» Assignment
Would you reproduce exactly the lines below from the one holding "Repülőgép - számfestő" through the one holding "Miroslav Vuković djelatnik", inclusive, and no others?

» Dataset entries
Start of Block
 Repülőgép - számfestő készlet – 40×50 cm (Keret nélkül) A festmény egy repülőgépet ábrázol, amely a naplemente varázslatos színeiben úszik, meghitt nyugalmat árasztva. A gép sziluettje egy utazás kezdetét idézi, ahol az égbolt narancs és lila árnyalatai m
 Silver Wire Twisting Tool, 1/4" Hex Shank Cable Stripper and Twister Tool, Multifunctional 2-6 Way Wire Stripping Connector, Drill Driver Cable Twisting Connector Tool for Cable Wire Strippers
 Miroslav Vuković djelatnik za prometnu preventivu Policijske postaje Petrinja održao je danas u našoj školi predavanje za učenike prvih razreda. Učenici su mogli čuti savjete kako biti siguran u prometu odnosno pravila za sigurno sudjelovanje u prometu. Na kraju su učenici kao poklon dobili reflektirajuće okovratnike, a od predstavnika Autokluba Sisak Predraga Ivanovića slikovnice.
End of Block
Start of Block
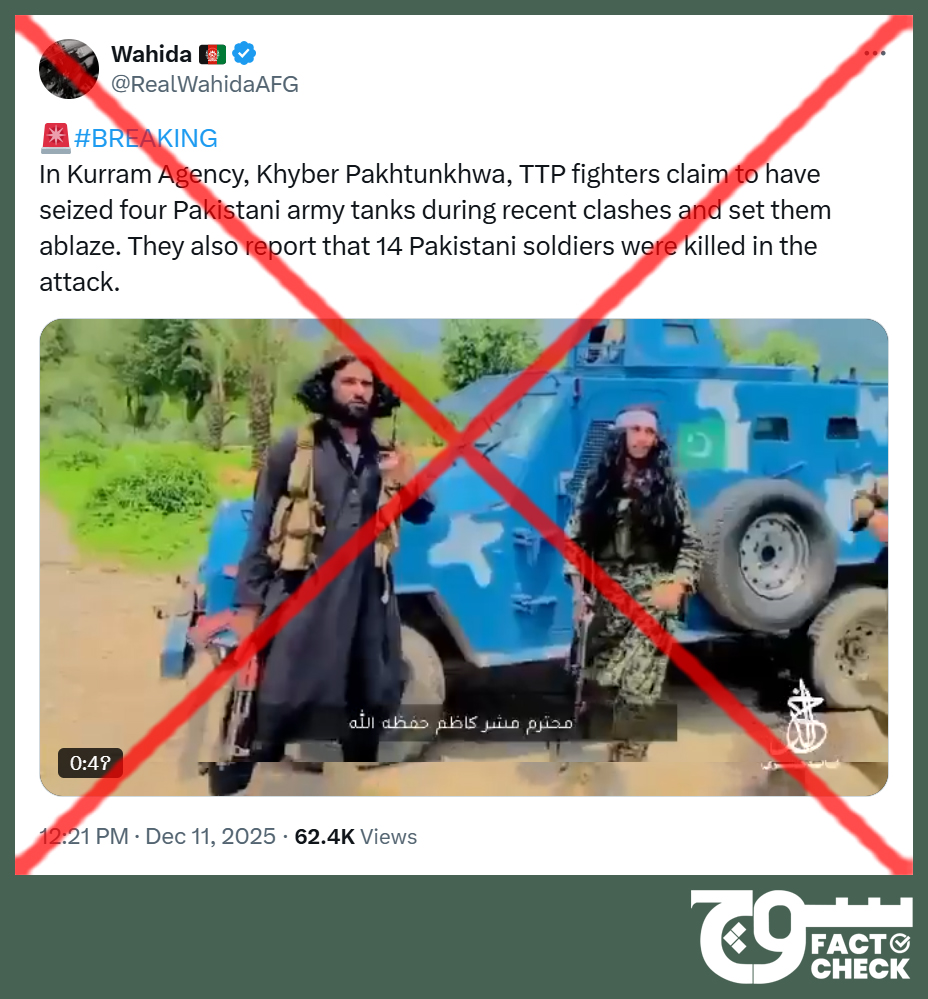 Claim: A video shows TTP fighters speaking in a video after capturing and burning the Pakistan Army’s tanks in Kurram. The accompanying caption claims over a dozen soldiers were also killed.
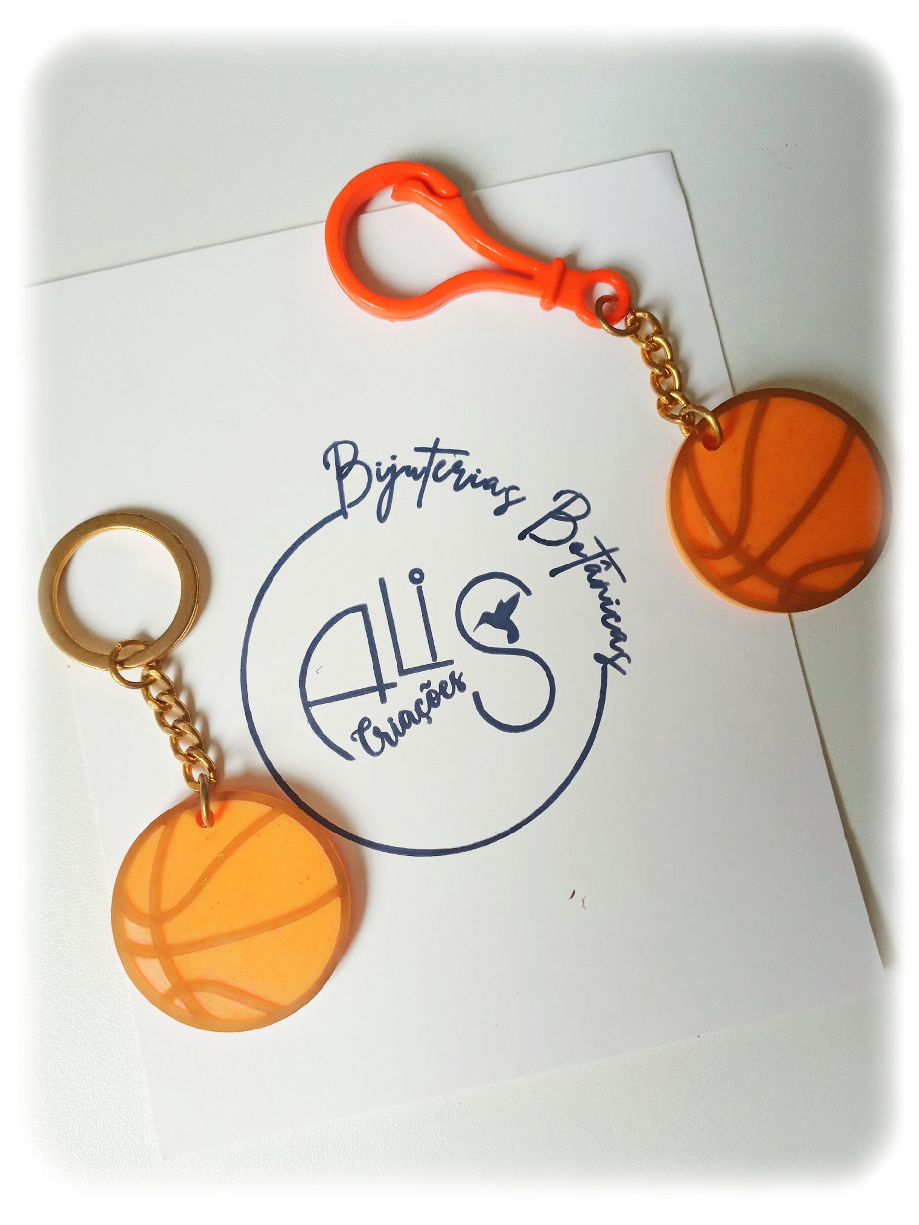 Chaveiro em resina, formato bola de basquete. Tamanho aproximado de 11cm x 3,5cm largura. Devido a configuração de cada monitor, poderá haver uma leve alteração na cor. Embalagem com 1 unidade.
End of Block
Start of Block
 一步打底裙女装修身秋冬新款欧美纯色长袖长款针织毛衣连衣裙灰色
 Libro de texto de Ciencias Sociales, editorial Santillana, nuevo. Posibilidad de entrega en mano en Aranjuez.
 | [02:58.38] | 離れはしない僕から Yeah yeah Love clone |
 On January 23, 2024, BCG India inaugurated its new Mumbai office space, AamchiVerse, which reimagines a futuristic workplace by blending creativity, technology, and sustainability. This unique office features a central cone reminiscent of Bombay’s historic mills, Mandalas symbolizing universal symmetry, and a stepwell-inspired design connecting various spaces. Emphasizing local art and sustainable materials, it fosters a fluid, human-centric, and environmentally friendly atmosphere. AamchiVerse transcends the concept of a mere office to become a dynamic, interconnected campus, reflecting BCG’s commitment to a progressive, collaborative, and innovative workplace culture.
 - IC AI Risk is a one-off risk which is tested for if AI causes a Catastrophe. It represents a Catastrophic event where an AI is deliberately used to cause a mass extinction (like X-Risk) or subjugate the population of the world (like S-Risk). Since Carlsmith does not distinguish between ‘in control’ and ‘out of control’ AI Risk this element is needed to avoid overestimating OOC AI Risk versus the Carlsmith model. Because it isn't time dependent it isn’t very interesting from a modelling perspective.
End of Block
» Result for this task
 Repülőgép - számfestő készlet – 40×50 cm (Keret nélkül) A festmény egy repülőgépet ábrázol, amely a naplemente varázslatos színeiben úszik, meghitt nyugalmat árasztva. A gép sziluettje egy utazás kezdetét idézi, ahol az égbolt narancs és lila árnyalatai m
 Silver Wire Twisting Tool, 1/4" Hex Shank Cable Stripper and Twister Tool, Multifunctional 2-6 Way Wire Stripping Connector, Drill Driver Cable Twisting Connector Tool for Cable Wire Strippers
 Miroslav Vuković djelatnik za prometnu preventivu Policijske postaje Petrinja održao je danas u našoj školi predavanje za učenike prvih razreda. Učenici su mogli čuti savjete kako biti siguran u prometu odnosno pravila za sigurno sudjelovanje u prometu. Na kraju su učenici kao poklon dobili reflektirajuće okovratnike, a od predstavnika Autokluba Sisak Predraga Ivanovića slikovnice.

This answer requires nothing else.